Managed Engines for Advanced Workflows¶
When using just CPU resources, SHAC
is sufficient for most tasks.
However, when more complicated workflows are involved - such as training models and evaluation with Tensorflow, PyTorch or Keras or other such libraries that involve graph based execution and memory management, it is advised to use the Managed Engines detailed here.
There are three engines provided :
Motivation for Managed Engines¶
- Tensorflow / Keras use graphs to generate and train models. These graphs and their scopes need to be managed properly.
- If evaluators are models which run on the GPU, it may not be possible to run more than 1 model at once due to memory constraints.
- It is necessary to provide a simple interface to decide whether GPUs will be used or not.
Note
It is upto the user to utilize the worker_id
parameter to determine the placement of the operations.
The session provided does not wrap the evaluation function in a device, as certain ops may not be available on GPUs.
In the same manner, when using PyTorch, the device is not set by the managed engine. It is the task of
the user to utilize the provided worker_id
in pushing models onto the correct devices.
TorchSHAC¶
This is the most basic managed engine, which only provides a unified interface similar to TensorflowSHAC
and
KerasSHAC
. In term's of functionality, it does not manage memory or graph execution, since PyTorch does not
utilize a graph in a user facing way.
It simply provides a way to determine whether / how many evaluation processs can be started using the max_gpu_evaluators
argument.
As such, when using dynamic execution environments, such as PyTorch
, Tensorflow Eager
or tf.keras
with
Eager Execution enabled, it is suggested to use this backend.
Like SHAC
, the evaluation function will receive 2 inputs :
- Worker ID: Integer id that can be left alone when executing only on CPU or used to determine the GPU id on which the model will be evaluated.
- Parameter OrderedDict: An OrderedDict which contains the (name, value) pairs of the Parameters passed to the engine.

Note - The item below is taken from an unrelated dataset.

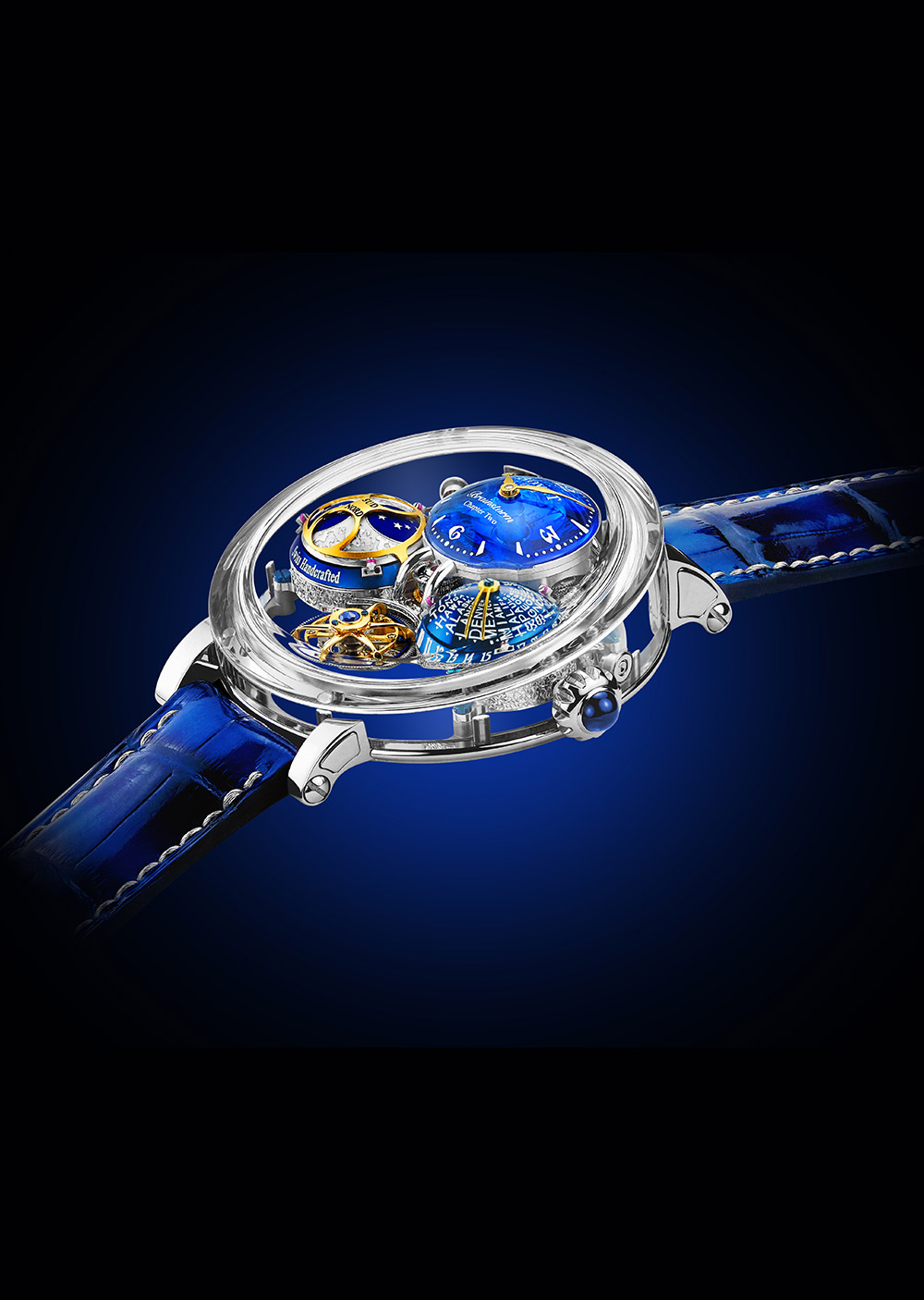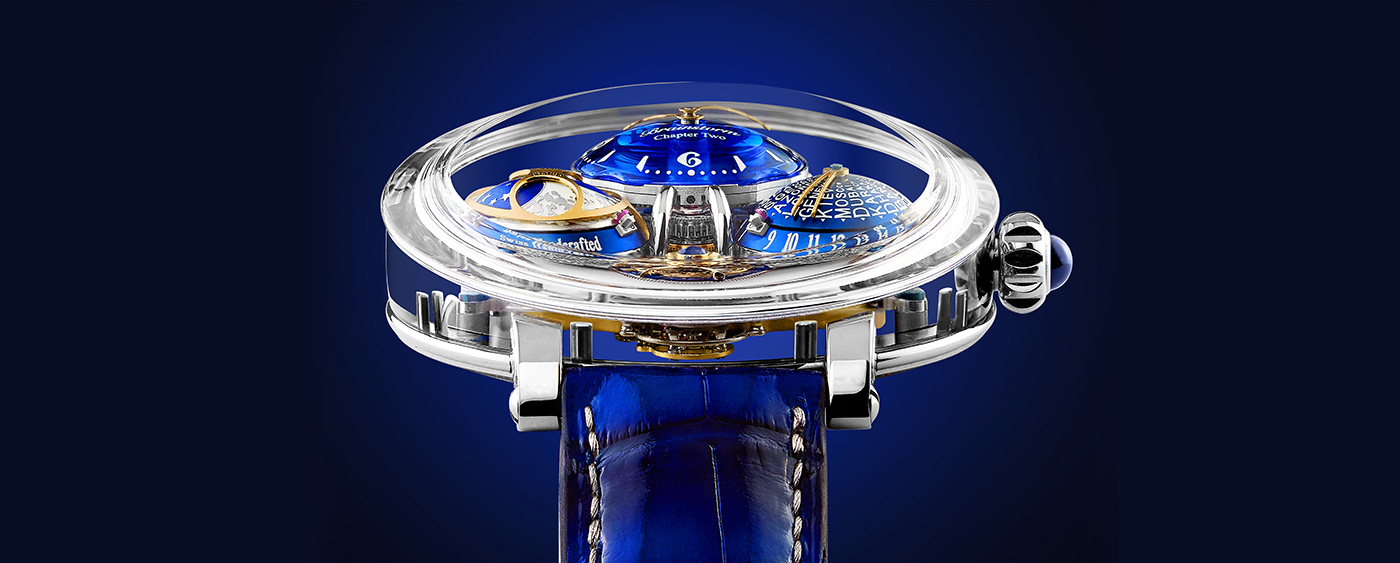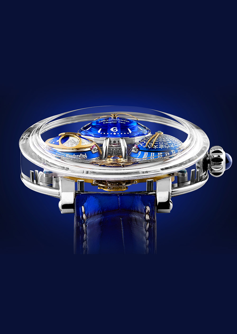 The sapphire sloping case of the Bovet Recital 26 Chapter Two allows for easy visibility of the domes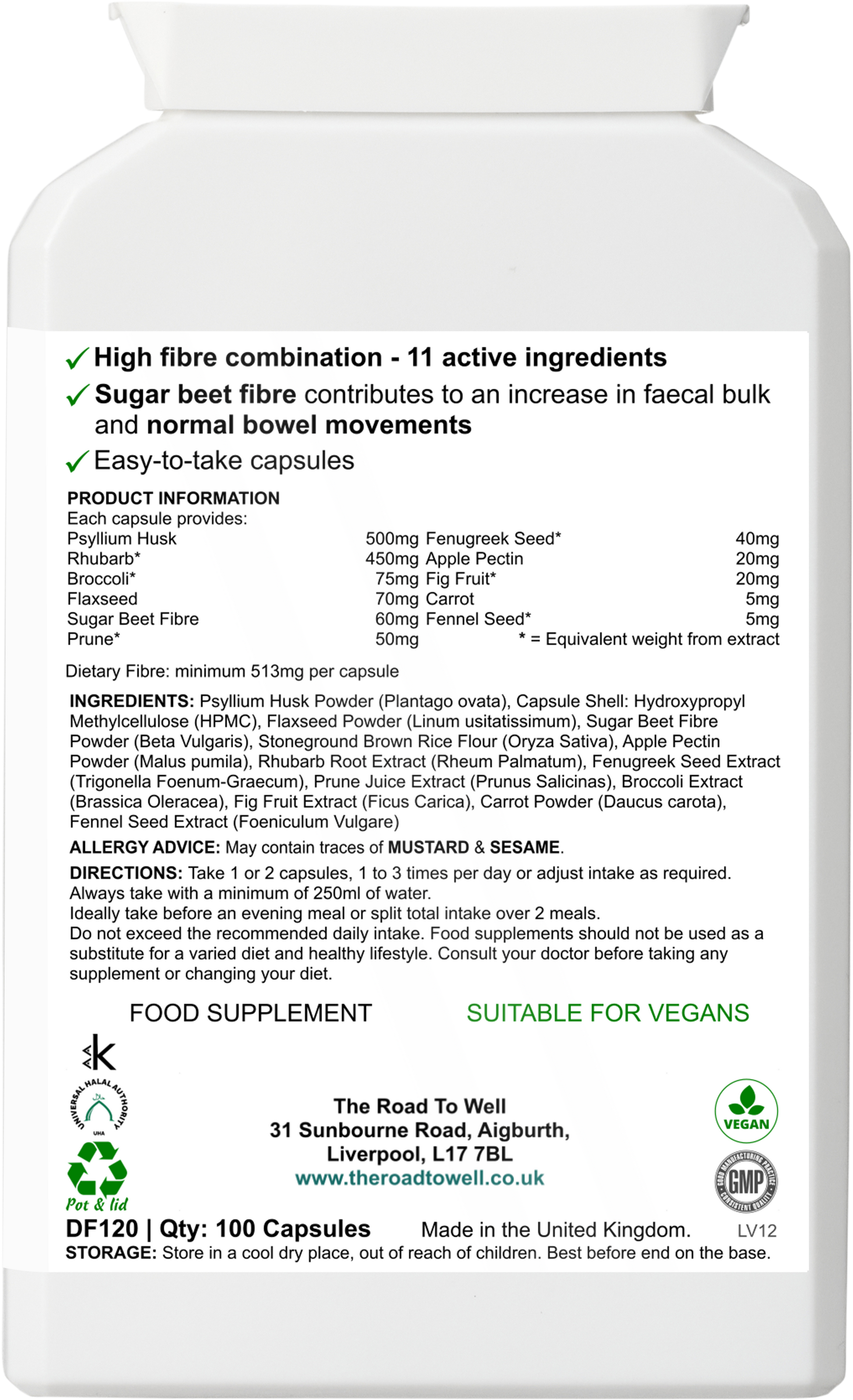 - Over 500mg of dietary fibre per capsule

- These are the values of the sampled hyper parameters which have passed through the current cascade of models.
TensorflowSHAC¶
Due to its graph based execution, Tensorflow is the primary candidate to use a managed session.
Unlike the SHAC
and TorchSHAC
engines, an evaluation function using the TensorflowSHAC
engine will receive
3 inputs :
- Tensorflow Session: This session manages a separate graph for each parallel evaluator.
- The scope of all ops inside the evaluation function is the scope of the managed graph.
- It can be used to run all operations inside of the evaluation function.
- Worker Id: An integer id that can be used alongside multiple GPU's to determine which GPU will be used to
- Parameter OrderedDict: An OrderedDict which contains the (name, value) pairs of the Parameters passed to the engine.
- These are the values of the sampled hyper parameters which have passed through the current cascade of models.
Since these graphs are managed by the engine, once the evaluation function has provided a value, the respective graph will be destroyed and resources released automatically by the engine.
KerasSHAC¶
Since Keras is a wrapper over Tensorflow and CNTK which support multiple GPU execution, this wrapper simply
provides a thin wrapper over the TensorflowSHAC
engine. It's primary purpose is to release resources
after the evaluation of the function.
Unlike the SHAC
and TorchSHAC
engines, an evaluation function using the KerasSHAC
engine will receive
3 inputs :
- Tensorflow Session or None: This session manages a separate graph for each parallel evaluator.
- The scope of all ops inside the evaluation function is the scope of the managed graph.
- It can be used to run all operations inside of the evaluation function.
- When using the CNTK backend, this argument will be
None
.
- Worker Id: An integer id that can be used alongside multiple GPU's to determine which GPU will be used to
- Parameter OrderedDict: An OrderedDict which contains the (name, value) pairs of the Parameters passed to the engine.
- These are the values of the sampled hyper parameters which have passed through the current cascade of models.
Since these graphs are managed by the engine, once the evaluation function has provided a value, the respective graph will be destroyed and resources released automatically by the engine.